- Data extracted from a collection

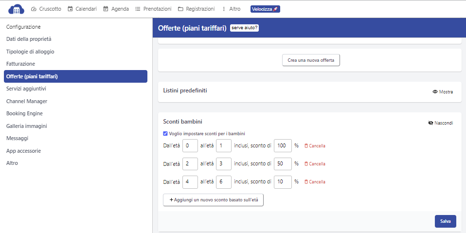 N.B.: Sconti bambini si applicano soltanto se questi rientrano come ospiti aggiuntivi, non se fanno parte degli ospiti standard. Per esempio numerico rimandiamo al paragrafo seguente Offerte (piani tariffari).
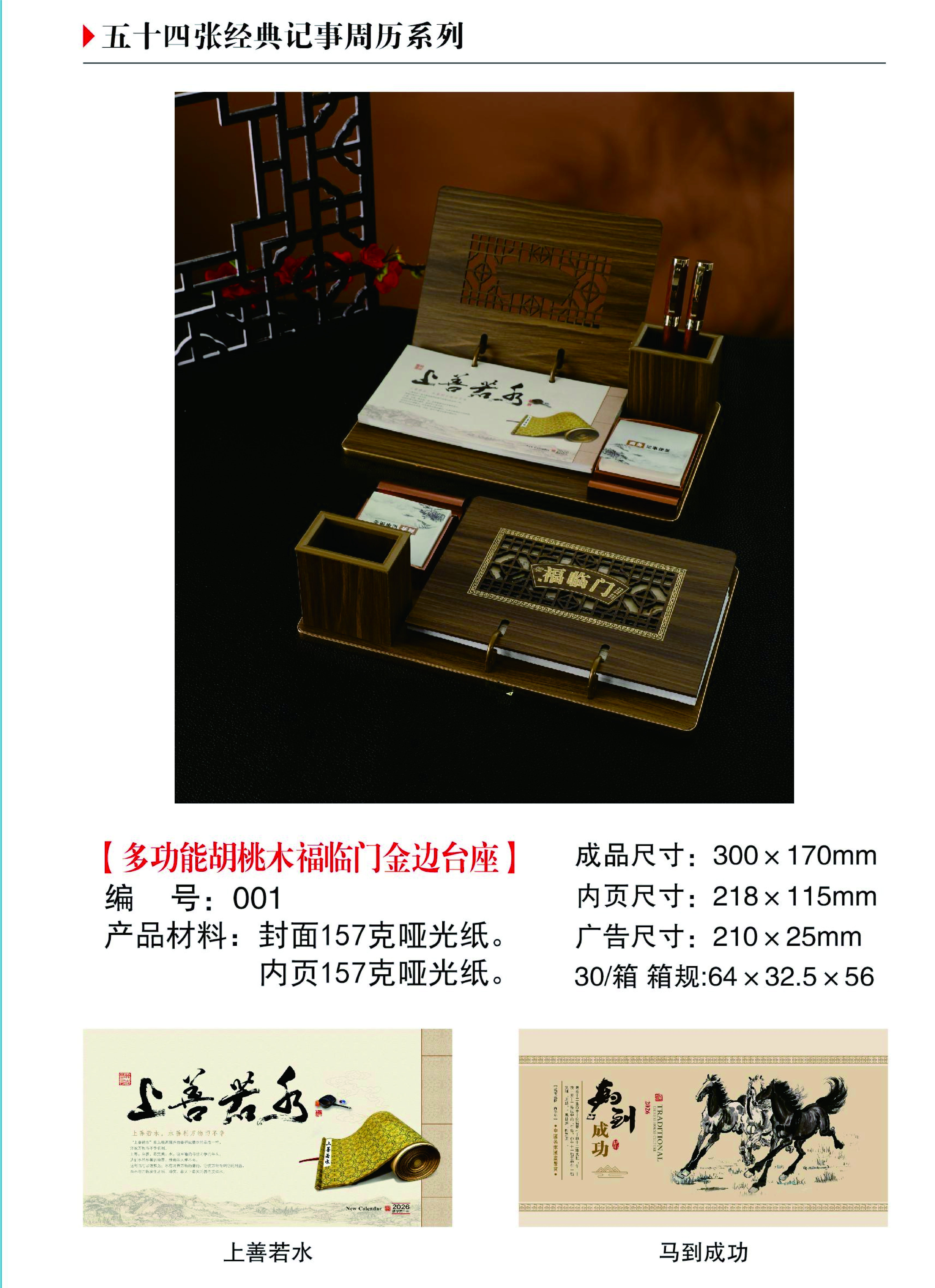 多功能胡桃木福臨門金邊臺(tái)座-上善若水
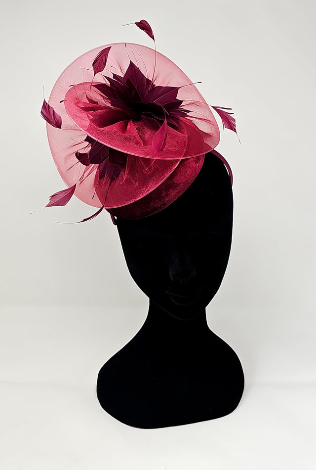 Beautiful & delicate , layered organza fascinator set on colour matching hairband with feathered flower centre design . Set on a velvet covered base.
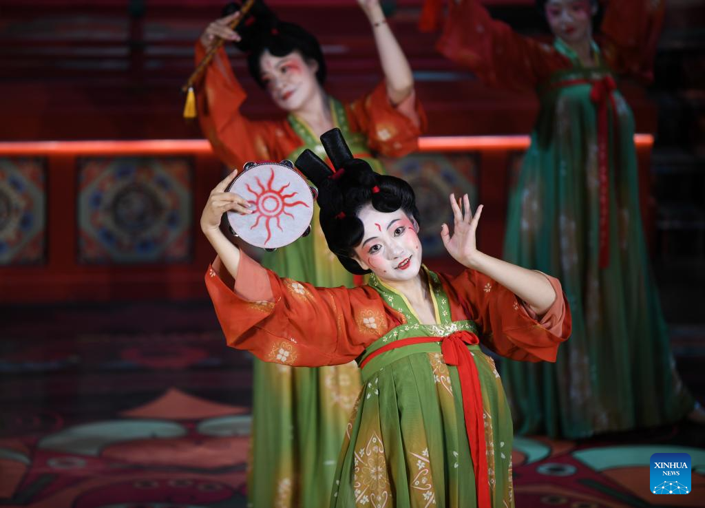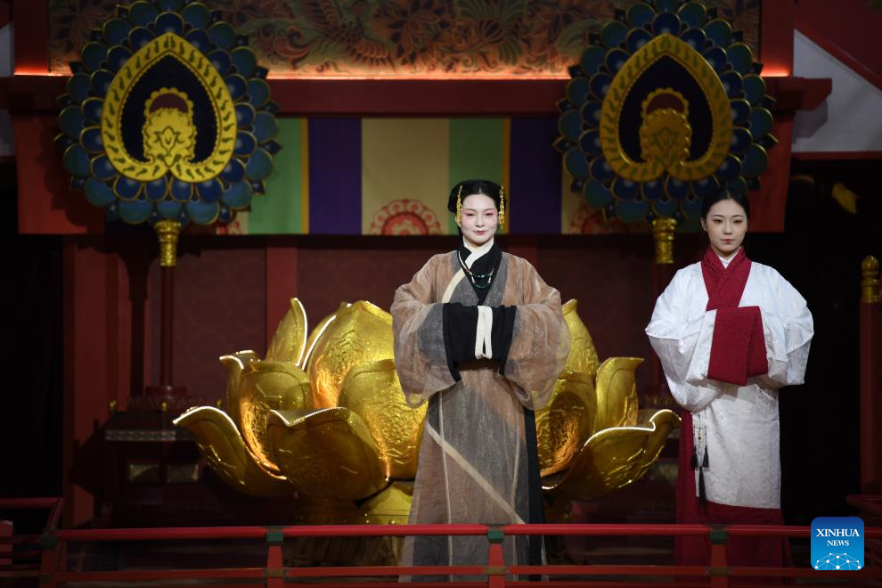 Actresses perform to display traditional costumes at a theme block in Xi'an, northwest China's Shaanxi Province, Aug. 29, 2025. (Xinhua/Zhang Bowen)
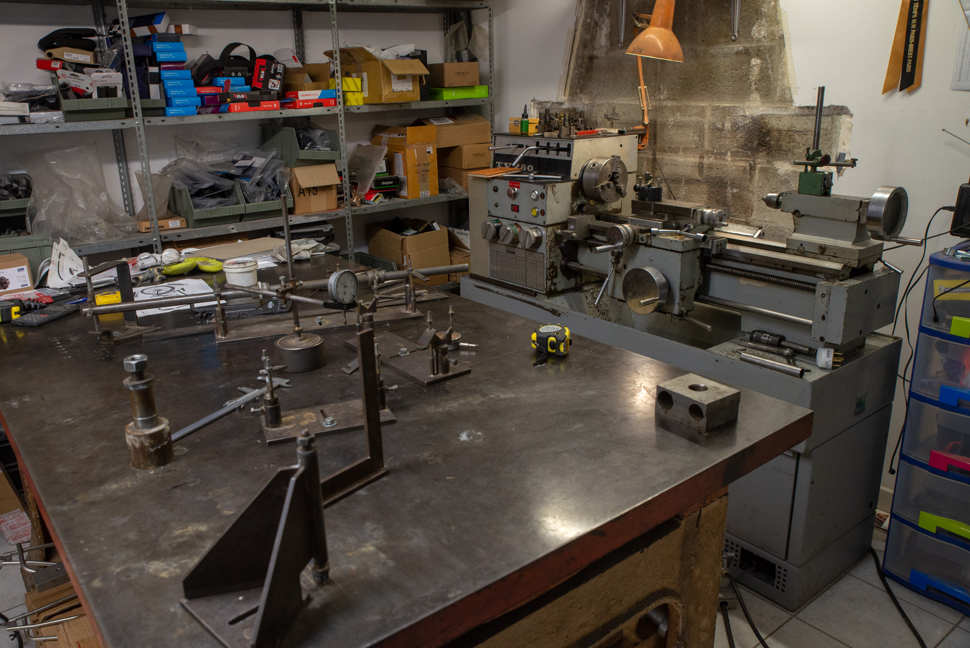 L'atelier est équipé d'un grand marbre d'ajusteur en fonte fortement nervuré de 2mx1m pouvant accueillir un cadre de tandem en entier. J'y travaille à plat pour le positionnement des tubes et le "pointage", il sert aussi au contrôle et redressage des cadres si nécessaire.
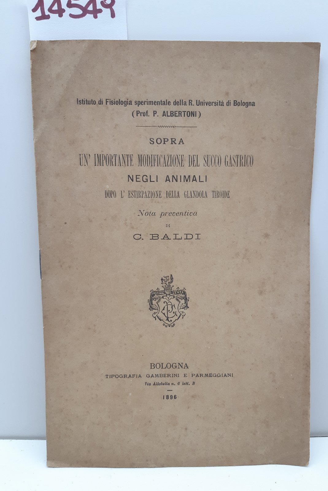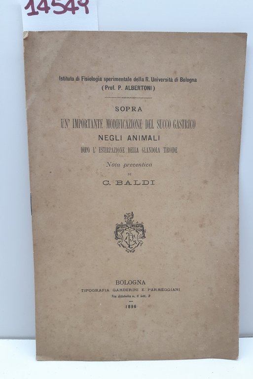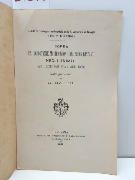 P Albertoni Modificazione del succo gastrico negli animali dopo l'estirpazione tiroide Parmeggiani 1896
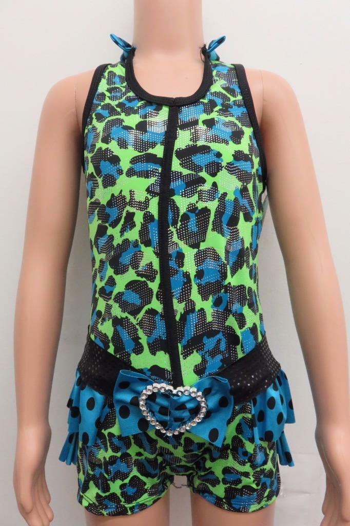 Electric blue and lime green leopard with silver foil dot unitard with black polka dots. Tank style sleeves with black polka dots on blue neck line. Polka dot bow with rhinestone clasp. Attached black foil dot belt with polka dot bow and rhinestone clasp.
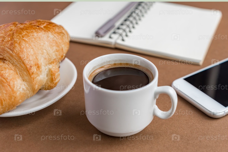 Перерыв на кофе с круассаном и эспрессом. Фрилансер на работе
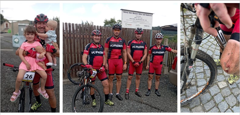 Takže konečně k samotnému závodu. Po deštích v předchozích dnech byla trať na cestách a v lesích hodně mokrá, podmáčená a bahnitá a v úseku mezi Možděnicemi a Křemenicí pak byla ještě jako chuťovka velikánská louže močůvky, kterou nešlo objet (popravdě, kdo by se tím zdržoval). Mimo to jsem si ani nevšiml, že by se našel odvážlivec, který by říční brod přes Doubravu pod Sokolovcem vzal střemhlav vodou. Ještě, že je tam ta lávka, jinak by se konalo hromadné koupání pelotonu, jak je hladina řeky vysoko I diváci tušili, že se říční drama tentokrát konat nebude, protože jindy jich tam je velký počet a borce skvěle povzbuzují. Přes všechny výše uvedené nástrahy se mi jelo parádně až na... Až na prudký lesní sjezd z Barovic, kde jsem se nechal unést atmosférou a spíš nebrzdil než brzdil a potykal jsem si s pařezem, který tam jen tak trčel u cesty. No nic moc se nestalo, kolo OK, koleno poznamenal malý crash, zdárnému dojetí do cíle tedy nic nebránilo. No a po rychlém sešupu od Lhůty a Lán jsem se ho dočkal. Ostatně jako všichni další účastníci, protože přes onu těžkou trať hlásil pořadatel, že letos pro nikoho sanitka jet nemusela. Tak to má být. Když jsem projížděl cílem, tak Pegy již měl šest minut taky "po práci" a kousek za mnou pak ještě z party B.S.P. dojížděl Jiříček a jak jsme až z výsledkové listiny zjistili, tak ještě Jirka L., který tam byl pro nás zcela v utajení a ani o sobě nedal vědět. Chjóóó
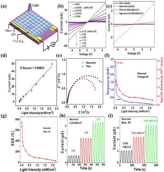 In order to study the potential application of this Cs3Cu2I5 nanonet structure in the field of ultraviolet photoelectric, a lateral structure Cs3Cu2I5 deep ultraviolet photodetector was constructed, with the geometry as seen in Figure 4a. To fabricate such a photodetector, the MCC floating on the water was transferred to a glass substrate which was predefined with ITO interdigital electrodes with a width and pitch of 50 μm; the thickness of the ITO electrode was 150 nm. Then the Cs3Cu2I5 crystalline was directly grown on MCC which was removed by toluene solution. To quantify the performance of the photodetector, I-V characteristics were measured under an incident light of 275 nm with light intensity ranging from 0 to 2.17 mW/cm2. Figure 4b reveals that photocurrent gradually increases with the increase of light intensity and the linear I-V behavior indicates typical ohmic contact between ITO and perovskite. Compared with the traditional planar perovskite photodetector, the photocurrent of the nanonet structure is significantly higher at the same light intensity of 0.095 mW/cm2, as seen in Figure 4c. In addition, the relationship of photocurrent and light intensity can be described by the power law: , where is photocurrent, represents the light intensity and and are the proportional constant and the R-squared coefficient, respectively. Figure 4d shows the fitting curve under 5 V bias and is calculated to be 0.98803, which reflects the conversion efficiency of incident light energy is relatively stable. Furthermore, we measured EIS of the photodetectors with different film structures. As seen in Figure 4e, the diameter of the semicircle corresponding to nanonet is smaller than compact film from the Nyquist plot at the high-frequency region. This indicates that the charge transport resistance of photodetector with the MCC template is relatively small, which can improve carrier transport dynamics. In addition, we calculated other important parameters characterizing the photodetector, including the responsivity (R), specific detectivity (D*) and external quantum efficiency (EQE), to further evaluate its performance. R, D* and EQE are given by the following equations [39]:
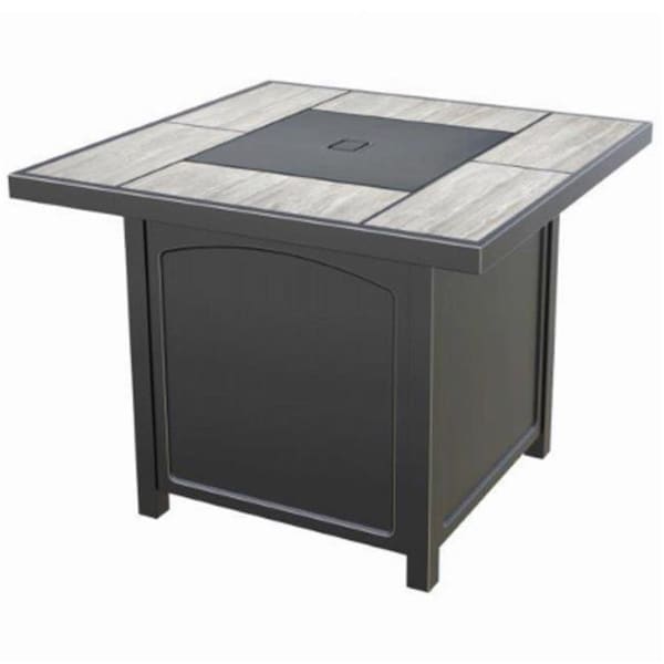 Four Seasons Courtyard 32" square tile tabletop gas fire pit. Has a 50,000 BTU output rate. Aluminum plated fire bowl with stainless steel burner. Steel cover lid easily changes this unit into a coffee table when not in use. Hinged door fits a 20 lb. propane tank inside the steel base. Integrated piezo ignition. Lava rocks are included. Propane tank not included.
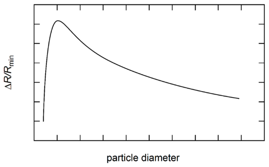A couple of models exist, which try to evaluate the parameter on a theoretical basis. Kim et al. [] proposed a model based on the Kubo formalism. They modeled the magnetic grains as centers for potential barriers. They found their model to be in agreement with data by Xiao, Jiang and Chien [], but as approaches 1, the GMR deviated from . Additionally, they examined the GMR dependence on grain size compared to experiments by Xiao et al. [] and Xiong et al. []. They found an optimal size for grains (compare Figure 14). The GMR effect rises rapidly until it reaches a maximum at the optimal grain size and then slowly decreases. They assumed this to be an effect of larger grains acting as conduction medium instead of only scattering centers.

- REQUIRED WORK
Apart from the pictures, every line above must be repeated exactly.

- TASK OUTPUT
 N.B.: Sconti bambini si applicano soltanto se questi rientrano come ospiti aggiuntivi, non se fanno parte degli ospiti standard. Per esempio numerico rimandiamo al paragrafo seguente Offerte (piani tariffari).
 多功能胡桃木福臨門金邊臺(tái)座-上善若水
 Beautiful & delicate , layered organza fascinator set on colour matching hairband with feathered flower centre design . Set on a velvet covered base.
 Actresses perform to display traditional costumes at a theme block in Xi'an, northwest China's Shaanxi Province, Aug. 29, 2025. (Xinhua/Zhang Bowen)
 L'atelier est équipé d'un grand marbre d'ajusteur en fonte fortement nervuré de 2mx1m pouvant accueillir un cadre de tandem en entier. J'y travaille à plat pour le positionnement des tubes et le "pointage", il sert aussi au contrôle et redressage des cadres si nécessaire.
 P Albertoni Modificazione del succo gastrico negli animali dopo l'estirpazione tiroide Parmeggiani 1896
 Electric blue and lime green leopard with silver foil dot unitard with black polka dots. Tank style sleeves with black polka dots on blue neck line. Polka dot bow with rhinestone clasp. Attached black foil dot belt with polka dot bow and rhinestone clasp.
 Перерыв на кофе с круассаном и эспрессом. Фрилансер на работе
 Takže konečně k samotnému závodu. Po deštích v předchozích dnech byla trať na cestách a v lesích hodně mokrá, podmáčená a bahnitá a v úseku mezi Možděnicemi a Křemenicí pak byla ještě jako chuťovka velikánská louže močůvky, kterou nešlo objet (popravdě, kdo by se tím zdržoval). Mimo to jsem si ani nevšiml, že by se našel odvážlivec, který by říční brod přes Doubravu pod Sokolovcem vzal střemhlav vodou. Ještě, že je tam ta lávka, jinak by se konalo hromadné koupání pelotonu, jak je hladina řeky vysoko I diváci tušili, že se říční drama tentokrát konat nebude, protože jindy jich tam je velký počet a borce skvěle povzbuzují. Přes všechny výše uvedené nástrahy se mi jelo parádně až na... Až na prudký lesní sjezd z Barovic, kde jsem se nechal unést atmosférou a spíš nebrzdil než brzdil a potykal jsem si s pařezem, který tam jen tak trčel u cesty. No nic moc se nestalo, kolo OK, koleno poznamenal malý crash, zdárnému dojetí do cíle tedy nic nebránilo. No a po rychlém sešupu od Lhůty a Lán jsem se ho dočkal. Ostatně jako všichni další účastníci, protože přes onu těžkou trať hlásil pořadatel, že letos pro nikoho sanitka jet nemusela. Tak to má být. Když jsem projížděl cílem, tak Pegy již měl šest minut taky "po práci" a kousek za mnou pak ještě z party B.S.P. dojížděl Jiříček a jak jsme až z výsledkové listiny zjistili, tak ještě Jirka L., který tam byl pro nás zcela v utajení a ani o sobě nedal vědět. Chjóóó
 In order to study the potential application of this Cs3Cu2I5 nanonet structure in the field of ultraviolet photoelectric, a lateral structure Cs3Cu2I5 deep ultraviolet photodetector was constructed, with the geometry as seen in Figure 4a. To fabricate such a photodetector, the MCC floating on the water was transferred to a glass substrate which was predefined with ITO interdigital electrodes with a width and pitch of 50 μm; the thickness of the ITO electrode was 150 nm. Then the Cs3Cu2I5 crystalline was directly grown on MCC which was removed by toluene solution. To quantify the performance of the photodetector, I-V characteristics were measured under an incident light of 275 nm with light intensity ranging from 0 to 2.17 mW/cm2. Figure 4b reveals that photocurrent gradually increases with the increase of light intensity and the linear I-V behavior indicates typical ohmic contact between ITO and perovskite. Compared with the traditional planar perovskite photodetector, the photocurrent of the nanonet structure is significantly higher at the same light intensity of 0.095 mW/cm2, as seen in Figure 4c. In addition, the relationship of photocurrent and light intensity can be described by the power law: , where is photocurrent, represents the light intensity and and are the proportional constant and the R-squared coefficient, respectively. Figure 4d shows the fitting curve under 5 V bias and is calculated to be 0.98803, which reflects the conversion efficiency of incident light energy is relatively stable. Furthermore, we measured EIS of the photodetectors with different film structures. As seen in Figure 4e, the diameter of the semicircle corresponding to nanonet is smaller than compact film from the Nyquist plot at the high-frequency region. This indicates that the charge transport resistance of photodetector with the MCC template is relatively small, which can improve carrier transport dynamics. In addition, we calculated other important parameters characterizing the photodetector, including the responsivity (R), specific detectivity (D*) and external quantum efficiency (EQE), to further evaluate its performance. R, D* and EQE are given by the following equations [39]:
 Four Seasons Courtyard 32" square tile tabletop gas fire pit. Has a 50,000 BTU output rate. Aluminum plated fire bowl with stainless steel burner. Steel cover lid easily changes this unit into a coffee table when not in use. Hinged door fits a 20 lb. propane tank inside the steel base. Integrated piezo ignition. Lava rocks are included. Propane tank not included.
A couple of models exist, which try to evaluate the parameter on a theoretical basis. Kim et al. [] proposed a model based on the Kubo formalism. They modeled the magnetic grains as centers for potential barriers. They found their model to be in agreement with data by Xiao, Jiang and Chien [], but as approaches 1, the GMR deviated from . Additionally, they examined the GMR dependence on grain size compared to experiments by Xiao et al. [] and Xiong et al. []. They found an optimal size for grains (compare Figure 14). The GMR effect rises rapidly until it reaches a maximum at the optimal grain size and then slowly decreases. They assumed this to be an effect of larger grains acting as conduction medium instead of only scattering centers.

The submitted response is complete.